Computerised gender recognition could be useful in physiological and psychological analysis as well as in security applications. However, there are difficulties in accurately classifying a human face as being of one particular gender, particular with reference to shape, facial features and behaviour. Researchers from the US and The Netherlands have reviewed the state of the art in gender recognition software. Despite the obstacles, the team found that biological information using physiological signals is not easily confused in its classification and has a higher accuracy (approximately 92 to 100%) compared with gender classification methods that do not use this approach. Biometrics are 80 to 99% accurate, less invasive and are not confused by mood nor clothing. Gender classification based on social network behaviour is least accurate (67 to 88.6%). “A single approach cannot satisfy all the gender classification requirements in various conditions, and each gender classification approach is suitable in a particular field according to the characteristic of performance,” the team reports.
Lin, F., Wu, Y., Zhuang, Y., Long, X. and Xu, W. (2016) ‘Human gender classification: a review’, Int. J. Biometrics, Vol. 8, Nos. 3/4, pp.275–300.
The morning sun really shows your age
The pattern of wrinkles in the aging human face is as unique as a fingerprint and as such might be useful in age-based intelligent systems for the applications such as biometrics, security and surveillance, according to researchers in India. The team has developed a novel human age classification system based on local binary patterns and wrinkle analysis for ageing feature extraction and multi-class support vector machine for age classification to classify the face images into four age classes. They report an accuracy in age classification of more than 91% even with “noisy” images of the human face when they apply their “salt-and-pepper” noise filter, although there is room for improvement in terms of extraction after filtering for Gaussian noise.
Jagtap, J. and Kokare, M. (2017) ‘Local binary patterns and wrinkle analysis in combination with multi-class support vector machine for human age classification’, Int. J. Applied Pattern Recognition, Vol. 4, No. 1, pp.1–13.

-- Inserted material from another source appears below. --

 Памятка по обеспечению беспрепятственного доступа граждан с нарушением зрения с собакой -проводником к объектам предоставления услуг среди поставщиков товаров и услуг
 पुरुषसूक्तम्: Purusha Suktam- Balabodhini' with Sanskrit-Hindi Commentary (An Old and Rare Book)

Researchers in Germany explain that almost every analysis of social media and social networking sites inevitably fails to take into account the complexity of human beings when investigating the properties of systems such as the microblogging platform, Twitter. They have now demonstrated that behaviour is a key feature in detecting users with specific characteristics. Their research demonstrates how meaningful patterns of user behaviour can be extracted on a large-scale that reflects the personalities of those users. “This,” the team suggests, “is a first step to prediction of user action and the underlying individual decision-making process.” Their approach identifies clusters methodically but allows for automated detection of user behaviour patterns.

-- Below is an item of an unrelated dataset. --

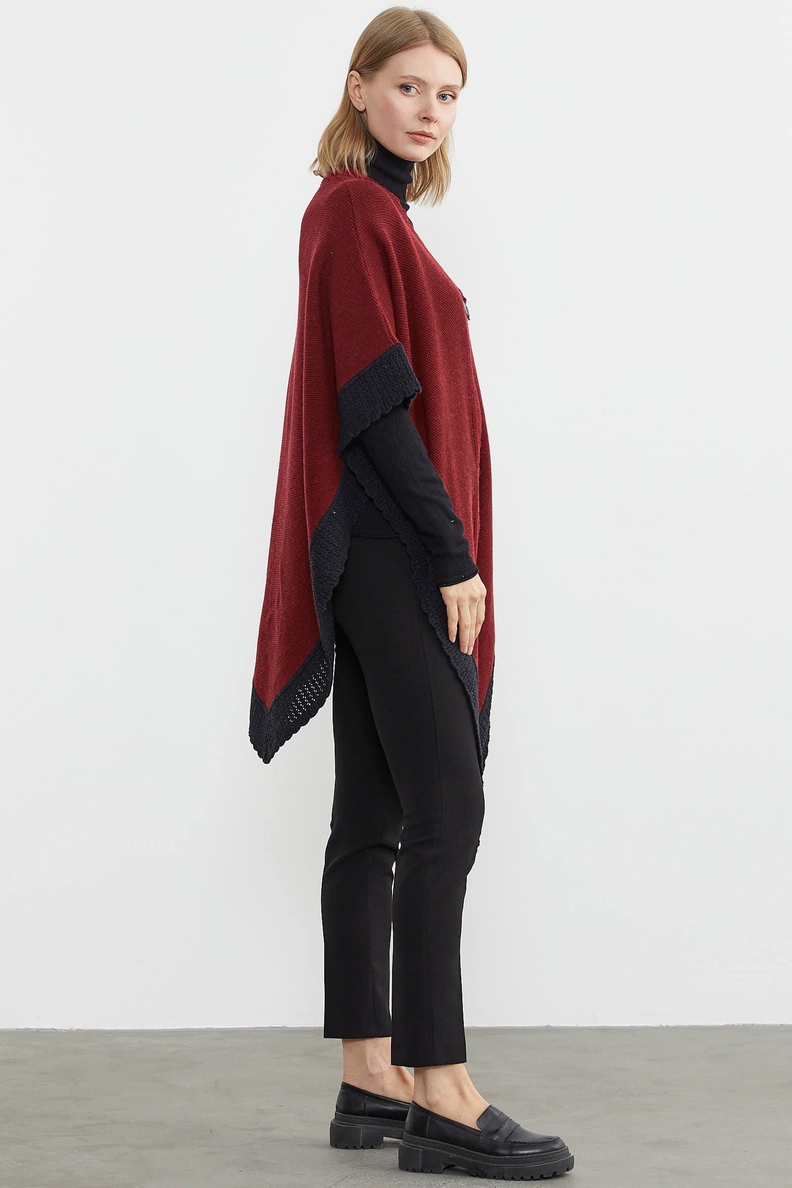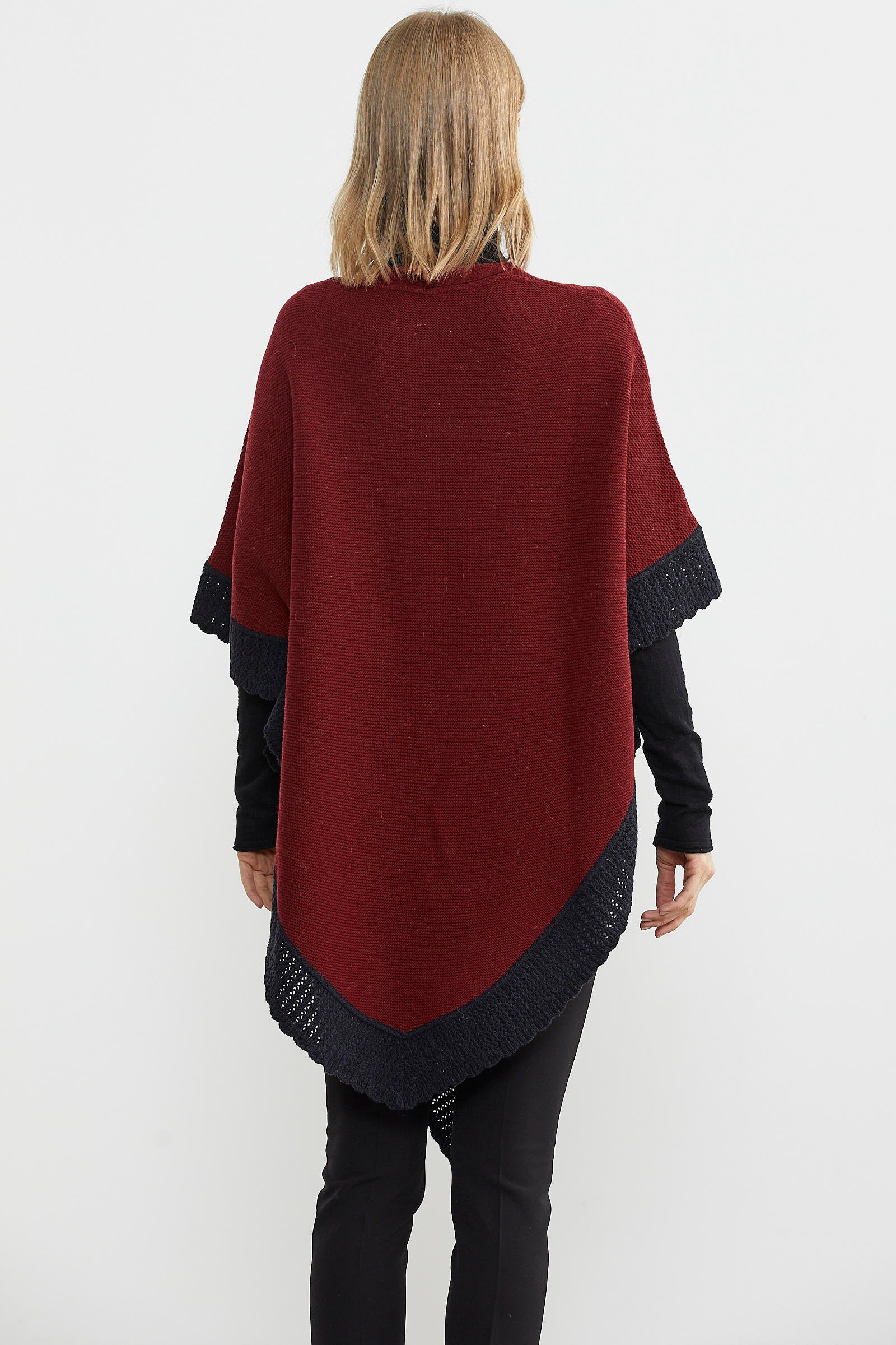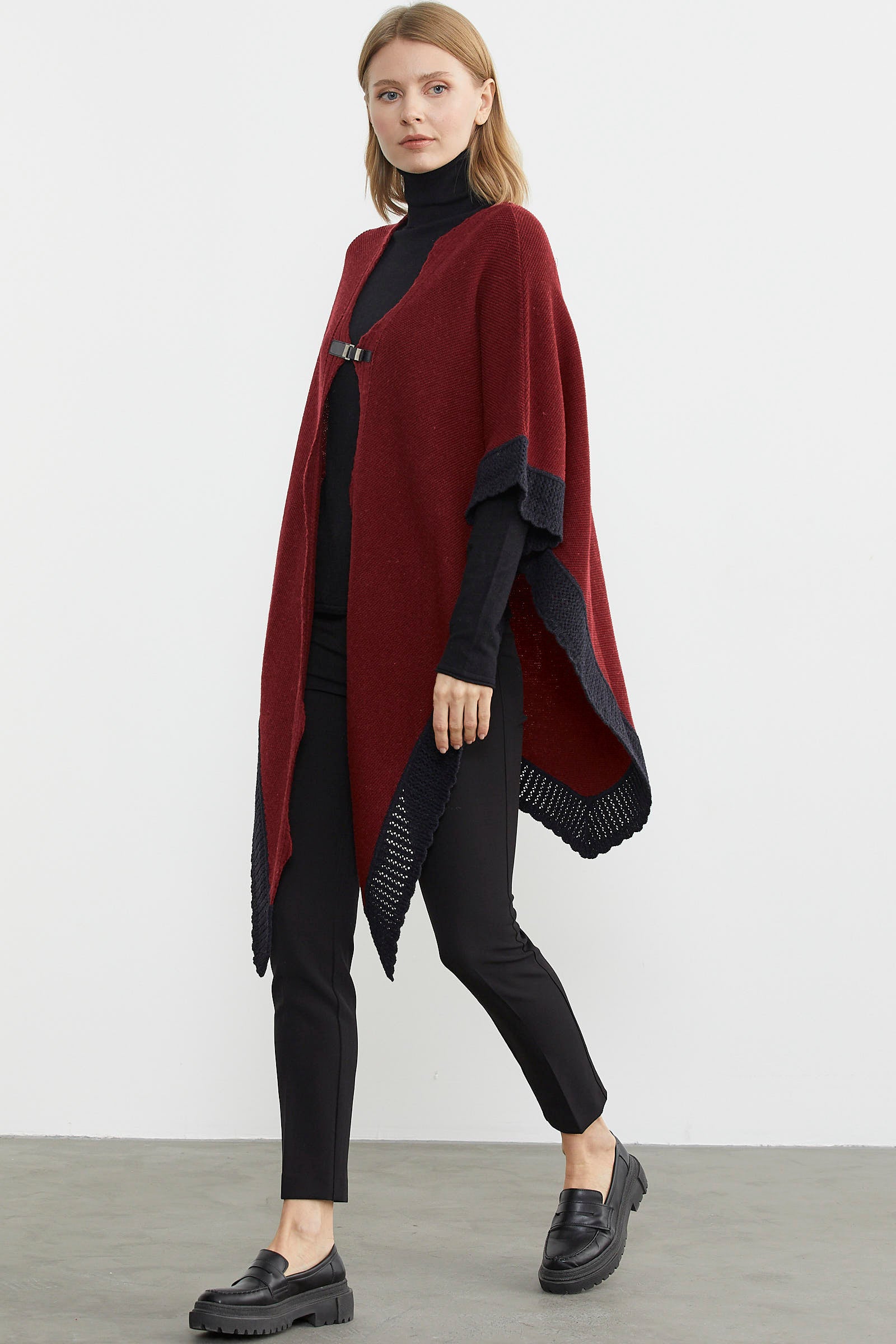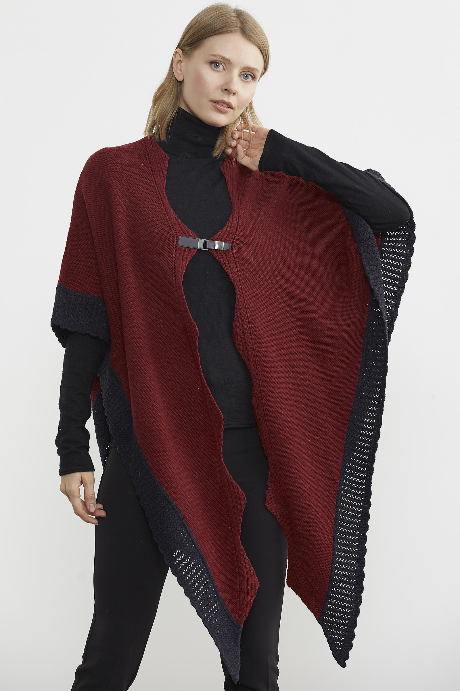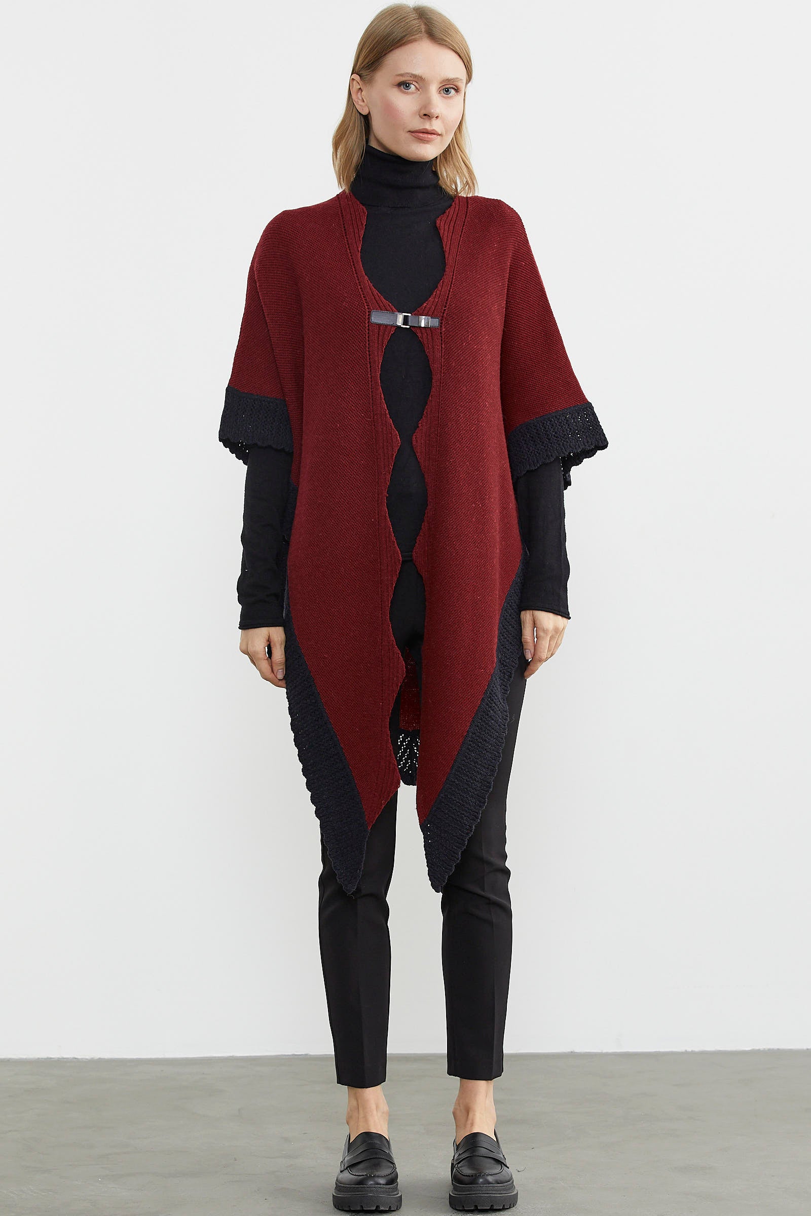 Çift Renk Aksesuarlı Triko Panço - Bordo

Klotz, C., Akinalp, C. and Unger, H. (2016) ‘Clustering user behaviour patterns on Twitter’, Int. J. Social Network Mining, Vol. 2, No. 3, pp.203–223.
A virtual machine (VM) emulates the behaviour of a computer system. VMs are based on computer architecture and mimic the functionality of a physical computer. They are widely used in a range of settings not least cloud computing, to allow users to run operating systems meant for one kind of computer architecture on another, and to allow several systems to run on a single server independently. US researchers have looked at the security of VMs in the context of cloud computing and suggest that several bad practices ought to be corrected in order to tighten security in many systems. Risk-management plans and appropriate auditing represent the baseline if providers are to protect their systems from intruders, malware and other computer security problems.
Khan, A. (2017) ‘Virtual machine security’, Int. J. Information and Computer Security, Vol. 9, Nos. 1/2, pp.49–84.